**Given data:**
· · · · ·

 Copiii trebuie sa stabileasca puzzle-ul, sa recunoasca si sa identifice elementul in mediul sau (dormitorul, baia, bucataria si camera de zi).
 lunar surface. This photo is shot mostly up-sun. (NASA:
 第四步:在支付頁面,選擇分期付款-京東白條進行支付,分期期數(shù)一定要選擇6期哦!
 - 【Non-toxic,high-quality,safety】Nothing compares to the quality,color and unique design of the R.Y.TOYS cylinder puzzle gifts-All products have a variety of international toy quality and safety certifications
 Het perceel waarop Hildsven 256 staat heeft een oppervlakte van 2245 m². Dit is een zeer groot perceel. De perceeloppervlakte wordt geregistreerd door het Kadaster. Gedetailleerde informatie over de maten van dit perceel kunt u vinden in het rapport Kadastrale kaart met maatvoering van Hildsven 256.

· · · · ·

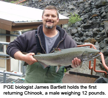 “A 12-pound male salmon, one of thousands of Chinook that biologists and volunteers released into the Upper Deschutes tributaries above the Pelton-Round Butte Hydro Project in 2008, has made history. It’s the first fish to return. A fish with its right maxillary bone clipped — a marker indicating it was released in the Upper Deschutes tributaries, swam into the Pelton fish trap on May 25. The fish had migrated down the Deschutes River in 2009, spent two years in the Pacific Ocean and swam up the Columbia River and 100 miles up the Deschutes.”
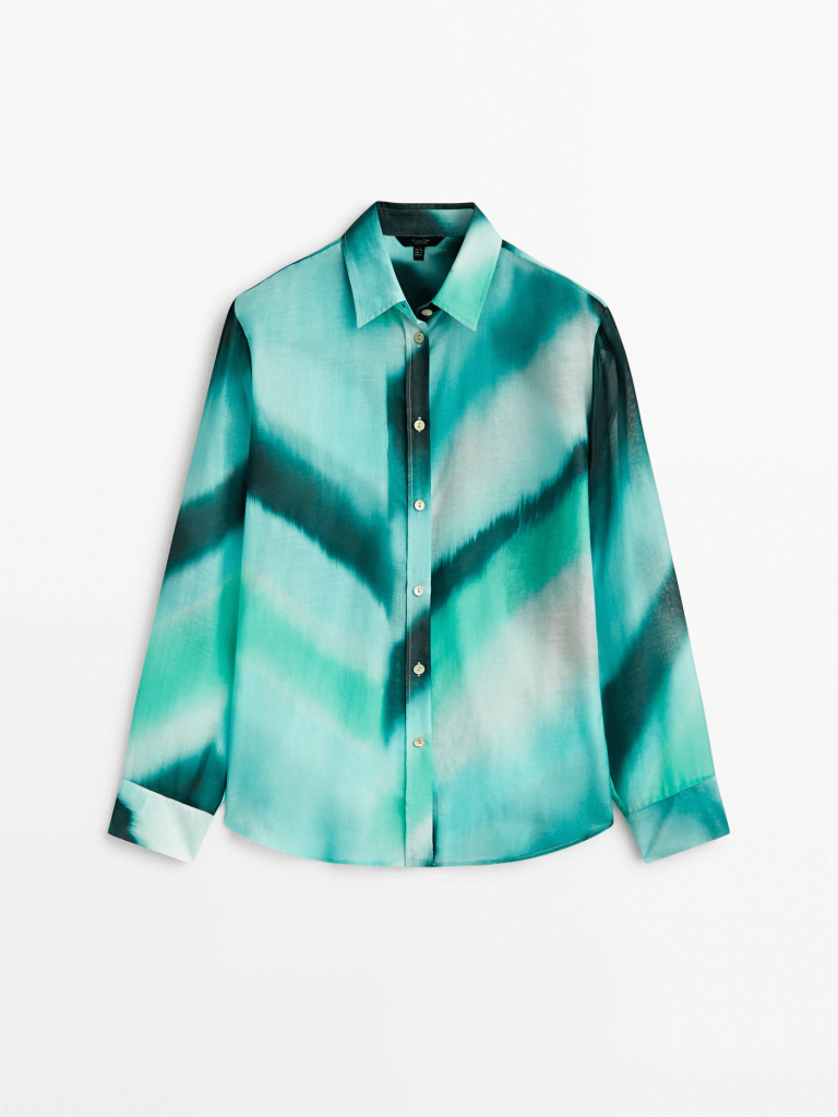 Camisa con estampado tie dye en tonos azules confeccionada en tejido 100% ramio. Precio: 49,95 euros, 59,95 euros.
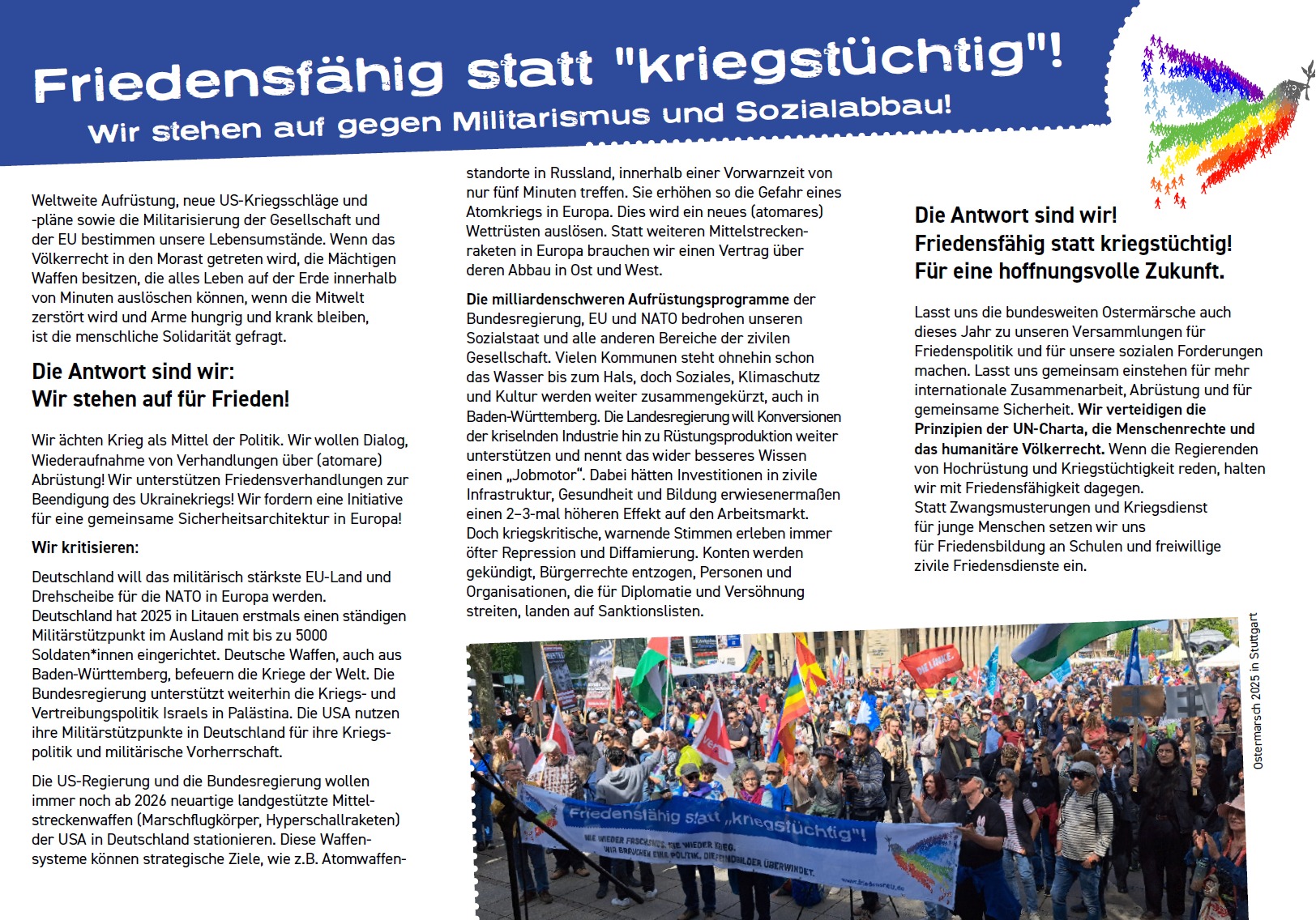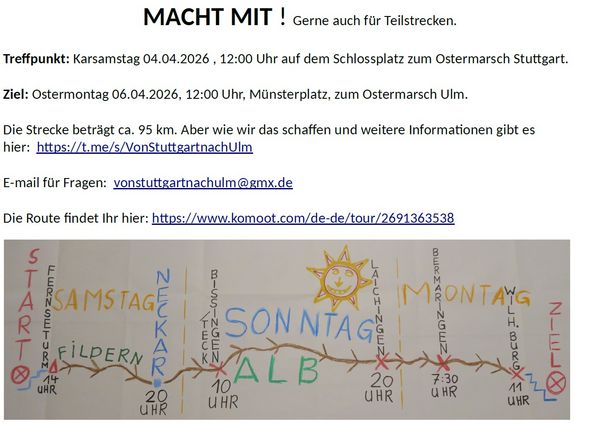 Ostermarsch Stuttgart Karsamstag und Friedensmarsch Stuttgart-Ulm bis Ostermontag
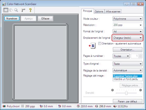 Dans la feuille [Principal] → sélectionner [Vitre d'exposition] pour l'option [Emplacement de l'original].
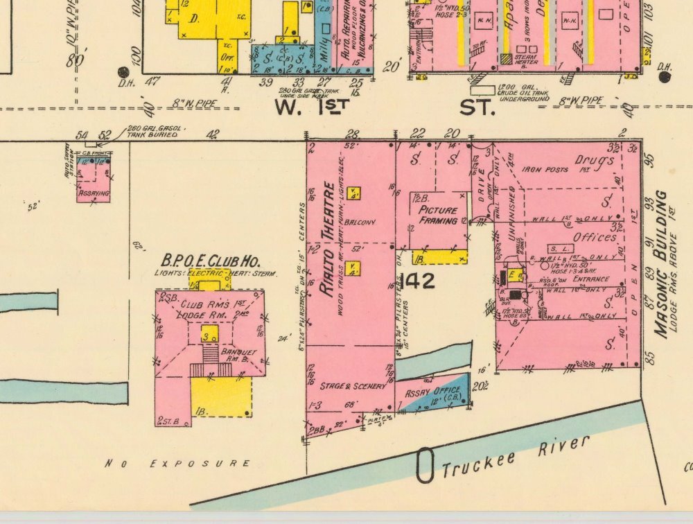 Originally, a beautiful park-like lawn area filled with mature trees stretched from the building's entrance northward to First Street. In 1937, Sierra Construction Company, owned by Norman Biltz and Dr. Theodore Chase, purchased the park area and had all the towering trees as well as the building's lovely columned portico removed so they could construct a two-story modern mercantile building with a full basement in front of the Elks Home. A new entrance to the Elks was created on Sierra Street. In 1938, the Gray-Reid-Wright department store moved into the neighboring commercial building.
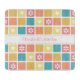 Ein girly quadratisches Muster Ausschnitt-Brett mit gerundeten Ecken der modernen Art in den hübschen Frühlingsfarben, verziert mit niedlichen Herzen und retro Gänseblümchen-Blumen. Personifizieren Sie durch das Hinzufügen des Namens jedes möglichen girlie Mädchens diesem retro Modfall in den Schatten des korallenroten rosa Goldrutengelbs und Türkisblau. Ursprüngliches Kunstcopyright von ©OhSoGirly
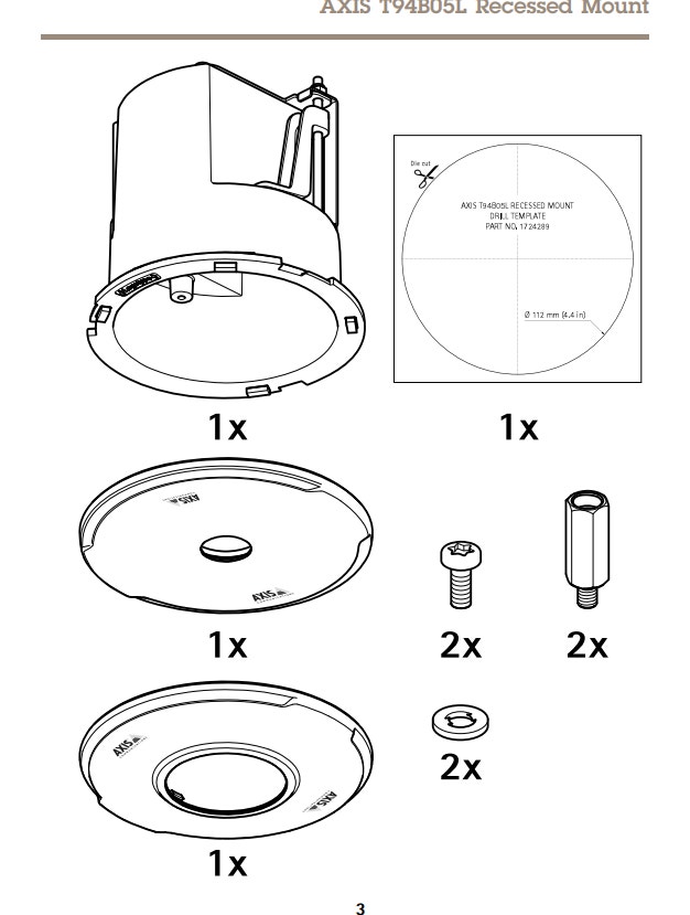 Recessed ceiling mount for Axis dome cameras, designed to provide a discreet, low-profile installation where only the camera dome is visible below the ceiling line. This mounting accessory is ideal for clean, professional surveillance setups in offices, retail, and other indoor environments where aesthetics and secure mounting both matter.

· · · · ·

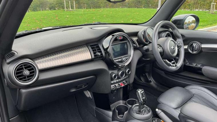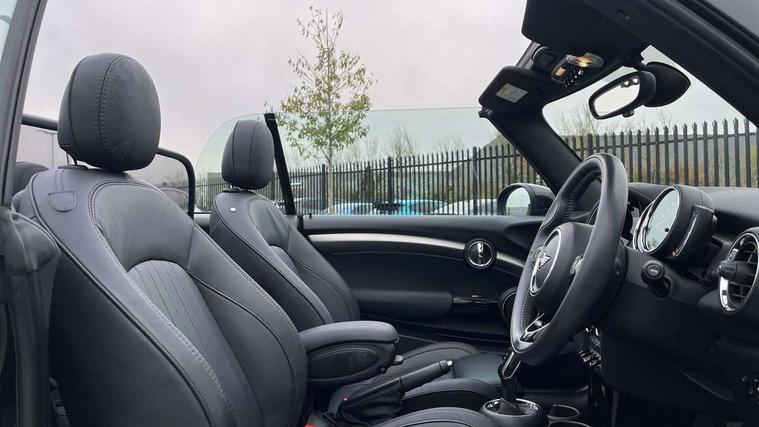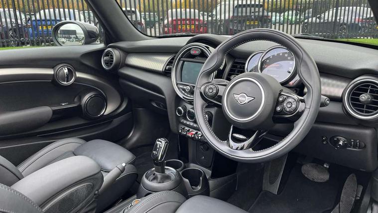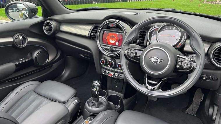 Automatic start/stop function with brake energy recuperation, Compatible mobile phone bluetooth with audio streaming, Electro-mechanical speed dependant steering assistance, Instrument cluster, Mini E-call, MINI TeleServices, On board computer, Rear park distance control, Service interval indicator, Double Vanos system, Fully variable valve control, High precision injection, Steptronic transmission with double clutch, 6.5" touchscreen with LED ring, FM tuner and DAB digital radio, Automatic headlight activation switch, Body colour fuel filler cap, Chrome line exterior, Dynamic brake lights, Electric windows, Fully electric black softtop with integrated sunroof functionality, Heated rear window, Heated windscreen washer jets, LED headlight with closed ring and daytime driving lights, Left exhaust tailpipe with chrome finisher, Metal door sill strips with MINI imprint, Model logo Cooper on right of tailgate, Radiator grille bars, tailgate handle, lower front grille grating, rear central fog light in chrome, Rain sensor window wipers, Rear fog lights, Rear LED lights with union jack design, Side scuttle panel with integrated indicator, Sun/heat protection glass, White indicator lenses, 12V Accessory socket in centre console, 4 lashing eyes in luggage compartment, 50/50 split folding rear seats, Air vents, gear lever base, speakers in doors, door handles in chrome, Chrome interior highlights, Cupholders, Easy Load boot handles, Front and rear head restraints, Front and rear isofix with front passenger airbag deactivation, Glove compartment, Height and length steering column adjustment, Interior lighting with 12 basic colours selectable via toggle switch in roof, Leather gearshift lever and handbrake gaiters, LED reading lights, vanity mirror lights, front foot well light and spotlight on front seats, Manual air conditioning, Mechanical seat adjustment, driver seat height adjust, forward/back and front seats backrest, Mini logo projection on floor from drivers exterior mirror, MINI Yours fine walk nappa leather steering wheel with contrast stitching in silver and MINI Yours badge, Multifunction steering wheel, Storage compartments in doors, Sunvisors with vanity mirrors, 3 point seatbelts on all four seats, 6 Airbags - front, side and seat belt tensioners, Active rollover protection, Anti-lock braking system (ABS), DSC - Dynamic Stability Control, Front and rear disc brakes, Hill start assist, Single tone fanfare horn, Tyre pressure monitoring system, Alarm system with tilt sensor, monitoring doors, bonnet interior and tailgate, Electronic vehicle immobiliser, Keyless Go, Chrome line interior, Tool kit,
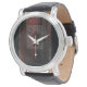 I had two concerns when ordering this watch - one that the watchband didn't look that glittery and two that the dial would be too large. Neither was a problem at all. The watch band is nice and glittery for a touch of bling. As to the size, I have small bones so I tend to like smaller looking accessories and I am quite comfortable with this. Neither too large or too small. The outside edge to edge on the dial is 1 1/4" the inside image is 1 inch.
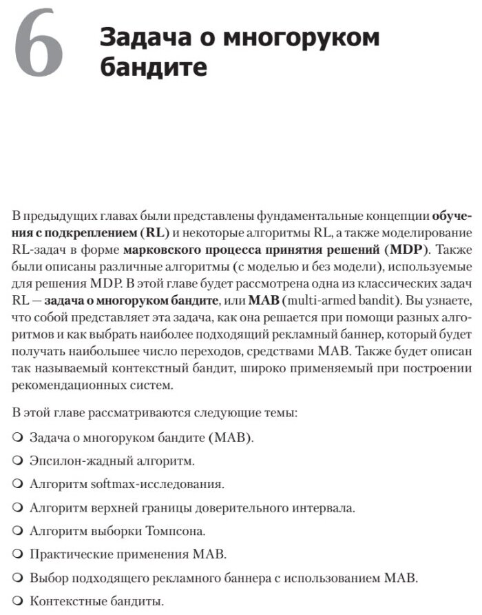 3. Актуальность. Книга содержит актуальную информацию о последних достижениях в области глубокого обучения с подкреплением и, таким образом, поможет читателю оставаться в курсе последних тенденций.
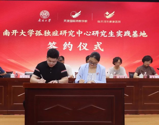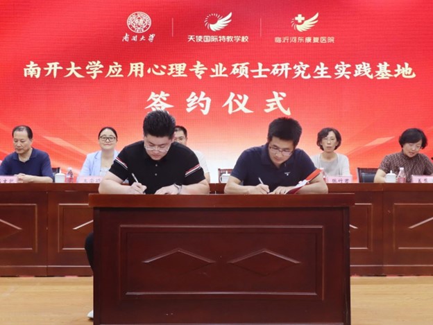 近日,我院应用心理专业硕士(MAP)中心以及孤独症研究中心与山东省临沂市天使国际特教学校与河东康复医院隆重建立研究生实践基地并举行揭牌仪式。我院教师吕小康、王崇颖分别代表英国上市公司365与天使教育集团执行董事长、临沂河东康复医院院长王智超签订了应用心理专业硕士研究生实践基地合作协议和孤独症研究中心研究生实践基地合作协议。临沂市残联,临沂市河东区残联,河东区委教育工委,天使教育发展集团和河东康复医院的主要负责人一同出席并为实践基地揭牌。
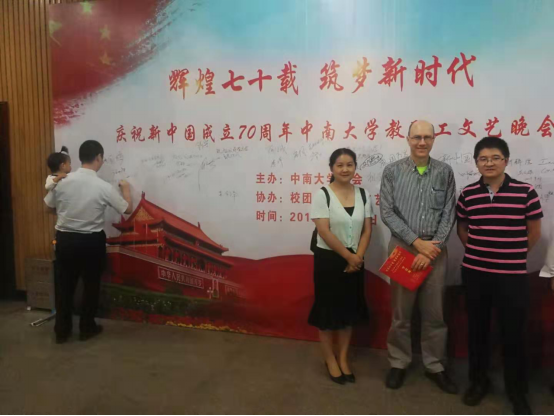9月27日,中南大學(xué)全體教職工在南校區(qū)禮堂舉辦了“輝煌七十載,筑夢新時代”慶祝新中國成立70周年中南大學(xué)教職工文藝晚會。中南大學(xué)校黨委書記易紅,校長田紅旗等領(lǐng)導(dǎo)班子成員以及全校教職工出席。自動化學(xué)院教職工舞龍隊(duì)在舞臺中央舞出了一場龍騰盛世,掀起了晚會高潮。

· · · · ·

**Task:**
Filter the entries down to the lines containing "puzzle". Copy each of those lines.

**Exercise result:**
 Copiii trebuie sa stabileasca puzzle-ul, sa recunoasca si sa identifice elementul in mediul sau (dormitorul, baia, bucataria si camera de zi).
 - 【Non-toxic,high-quality,safety】Nothing compares to the quality,color and unique design of the R.Y.TOYS cylinder puzzle gifts-All products have a variety of international toy quality and safety certifications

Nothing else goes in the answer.